Article

의사윤리지침의 주요내용과 실천 방안*1)

구영모 1 , *
Young-Mo KOO 1 , *
Author Information & Copyright
1울산의대 인문사회의학교실
1Department of Medical Humanities and Social Sciences, University of Ulsan College of Medicine
*(우)138-736 서울 송파구 풍납동 388-1 울산의대 인문사회의학교실 ymkoo@amc.seoul

ⓒ Copyright 2003 The Korean Society for Medical Ethics. This is an Open-Access article distributed under the terms of the Creative Commons Attribution Non-Commercial License (http://creativecommons.org/licenses/by-nc/4.0/) which permits unrestricted non-commercial use, distribution, and reproduction in any medium, provided the original work is properly cited.
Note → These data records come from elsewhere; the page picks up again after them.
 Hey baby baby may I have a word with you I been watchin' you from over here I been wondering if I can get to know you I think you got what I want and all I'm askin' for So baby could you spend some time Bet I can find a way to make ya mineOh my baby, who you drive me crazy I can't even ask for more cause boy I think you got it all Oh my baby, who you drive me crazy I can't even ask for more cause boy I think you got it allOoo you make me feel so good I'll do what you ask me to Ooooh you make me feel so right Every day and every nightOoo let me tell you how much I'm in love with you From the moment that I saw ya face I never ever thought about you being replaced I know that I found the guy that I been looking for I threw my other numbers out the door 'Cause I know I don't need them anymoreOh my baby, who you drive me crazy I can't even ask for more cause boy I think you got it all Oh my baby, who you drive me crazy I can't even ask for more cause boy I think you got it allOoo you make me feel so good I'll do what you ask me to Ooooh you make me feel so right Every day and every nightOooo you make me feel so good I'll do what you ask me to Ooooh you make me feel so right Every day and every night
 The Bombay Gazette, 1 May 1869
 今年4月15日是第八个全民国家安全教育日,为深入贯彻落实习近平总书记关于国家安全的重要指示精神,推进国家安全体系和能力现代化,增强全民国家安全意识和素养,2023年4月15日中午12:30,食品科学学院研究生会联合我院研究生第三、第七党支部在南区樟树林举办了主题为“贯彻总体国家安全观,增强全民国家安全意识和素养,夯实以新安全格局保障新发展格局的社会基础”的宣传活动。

Published Online: Dec 30, 2003

ABSTRACT

Although the Korean Medical Association(KMA)'s Code of Medical Ethics, officially announced in November, 2001, has not yet been widely used among the Korean physicians in everyday practice, this comprehensive normative document, consisting of 6 chapters, 78 articles and 193 clauses, marks a significant progress in the Korean medical professional ethics. This paper presents some key contents of the document, in comparison with the American Medical Association(AMA)'s equivalent, AMA's Code of Medical Ethics 2002-2003 edition.
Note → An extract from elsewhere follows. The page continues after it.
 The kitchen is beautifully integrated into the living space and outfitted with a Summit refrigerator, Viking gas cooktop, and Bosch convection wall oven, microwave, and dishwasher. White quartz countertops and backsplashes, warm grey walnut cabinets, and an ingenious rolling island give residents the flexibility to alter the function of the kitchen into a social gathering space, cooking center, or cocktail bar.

This paper shows that there are striking resemblances in contents between these two documents. Some of such topics include substance abuse(8.15), nonscientific practitioners(3.01), sexual misconduct in the practice of medicine(8.14), records of physicians(7.02), neglect of patient(8.11), patient information(8.12), substitution of surgeon without patient's knowledge or consent(8.16), and various issues in confidentiality : care for minors(5.055); attorney-physician relation(5.06); computers(5.07); insurance company representative(5.08); and industry-employed physicians and independent medical examiners(5.09). Other similarities can also be found in opinions on social policy issues, such as allocation of limited medical resources(2.03), futile care(2.035), clinical investigation(2.07), financial incentives for organ donation(2.15), withholding or withdrawing life-sustaining medical treatment(2.20), physician-assisted suicide(2.211), and HIV testing(2.23).

This paper then articulates four articles of the KMA's Code of Medical Ethics which differ from the existing Korean laws, and draws a table to make a contrast.
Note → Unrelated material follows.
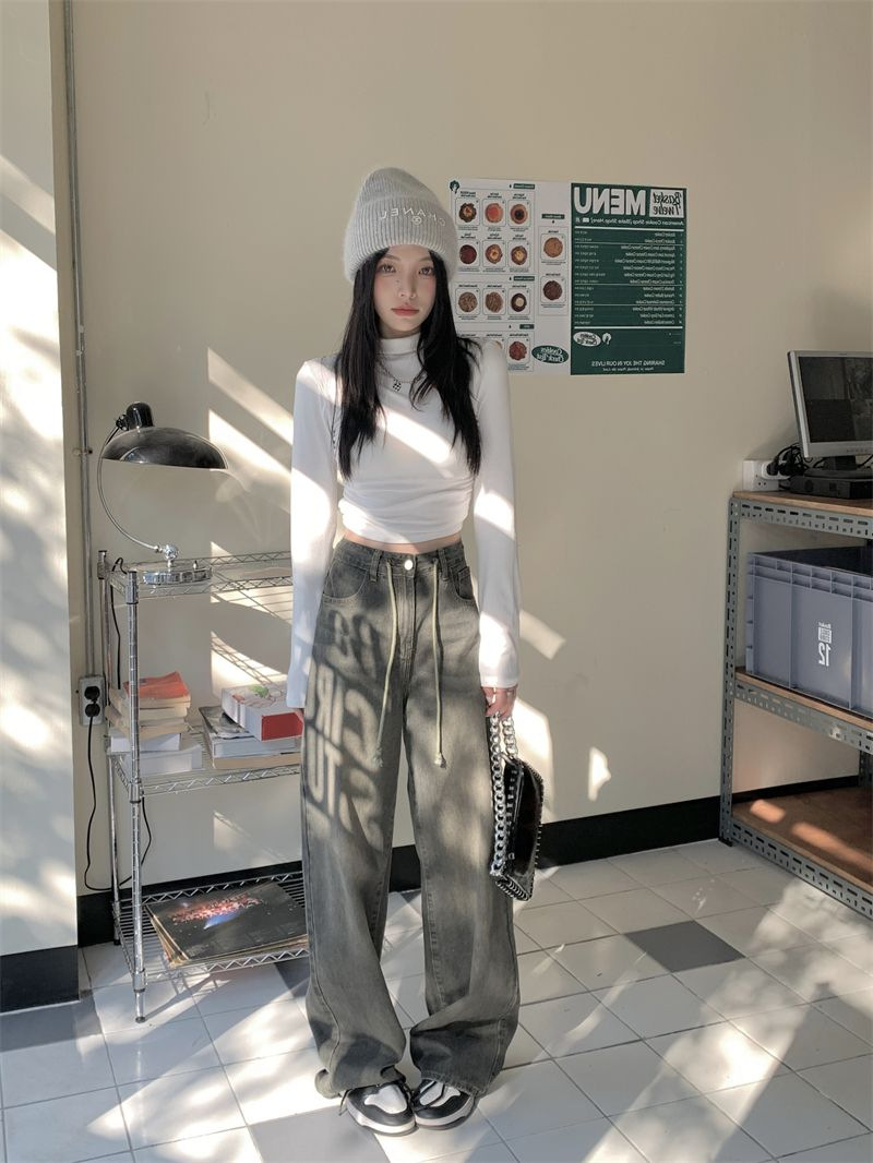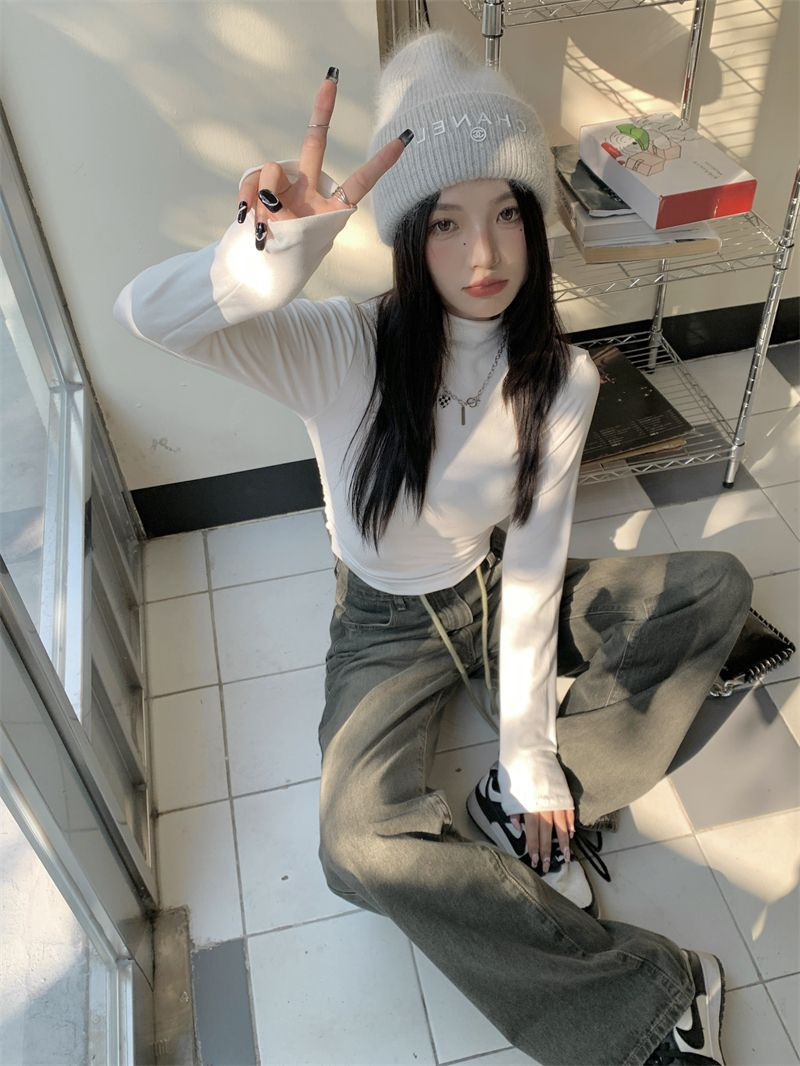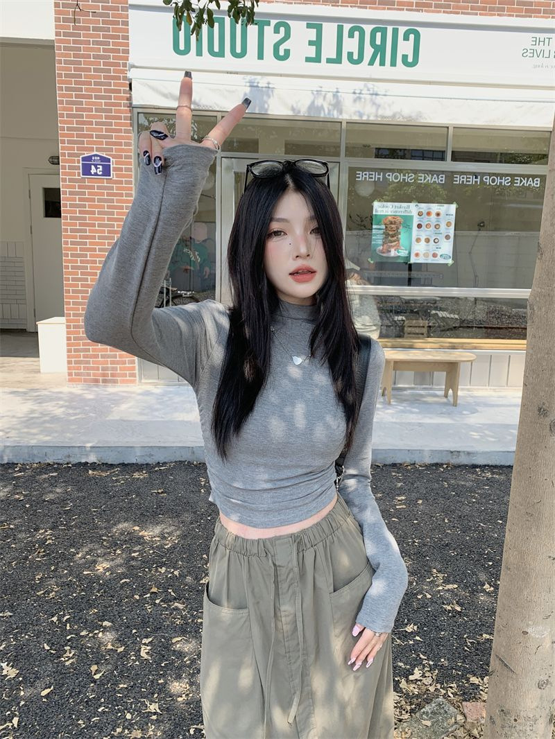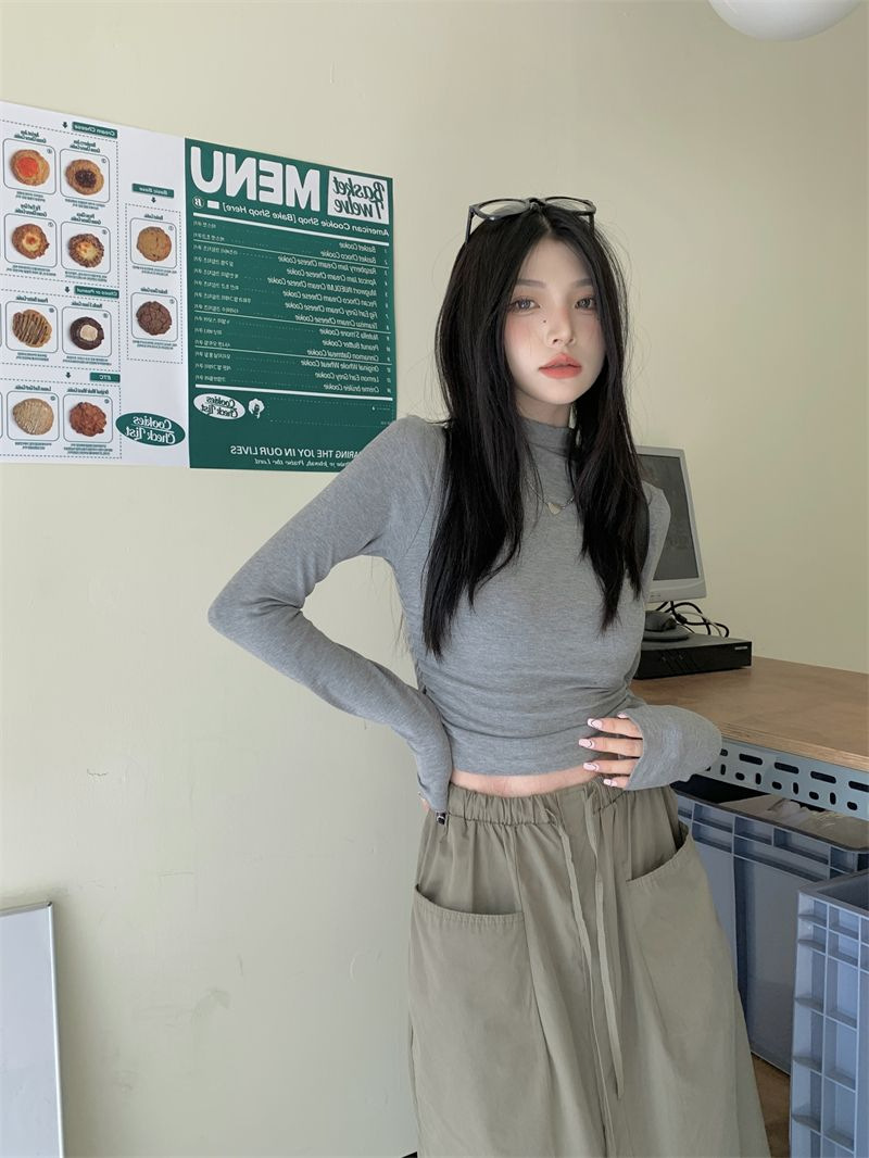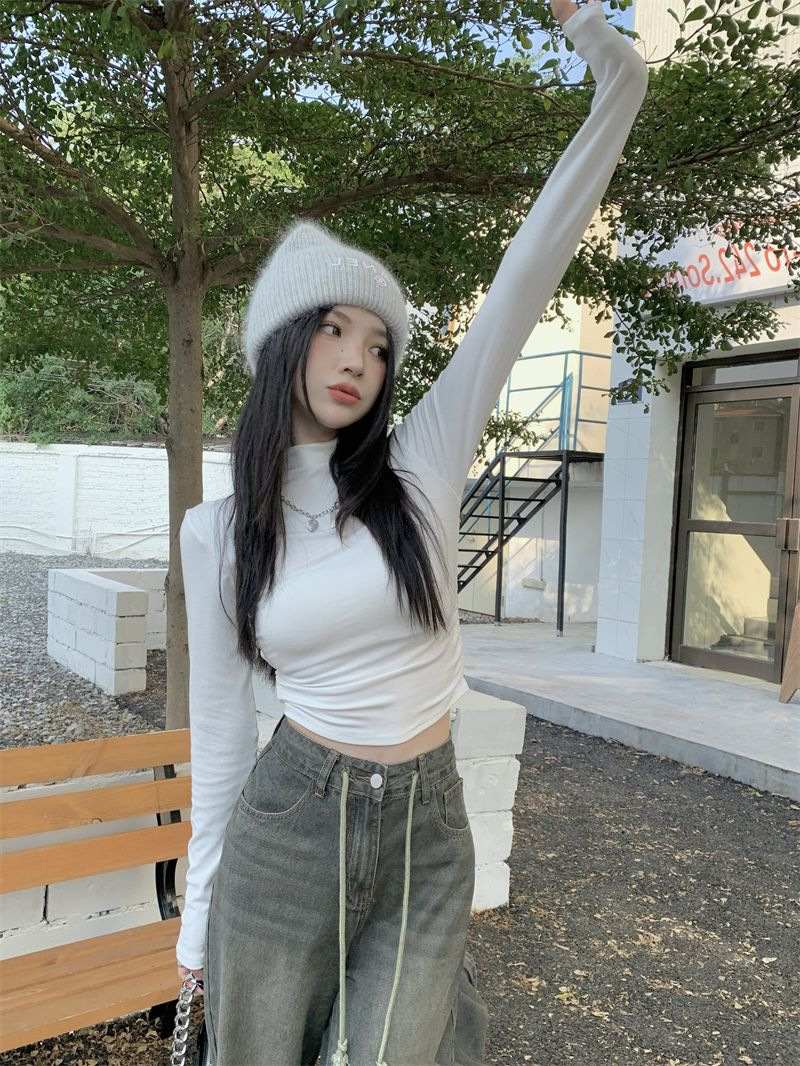 데롱 하프 터틀넥 이너웨어 티셔츠 여성용 가을 겨울 슬림핏 주름 디자인 순수한 스타일 긴팔 숏탑 보온 상의스토어 가기

This paper concludes with a few suggestions to make the implementation of the KMA's Code of Medical Ethics soft and easy. First, the KMA's Central Ethics Council should play a key role to create favorable environment. Second, the Ethics Committee of each organization should recruit active and independent members. Third, an educational program should be developed, in which the KMA's Code of Medical Ethics is to be used as a teaching material for continuing medical education(CME). Fourth, a task-force team is proposed to form in order to keep the content of the document updated on a regular basis.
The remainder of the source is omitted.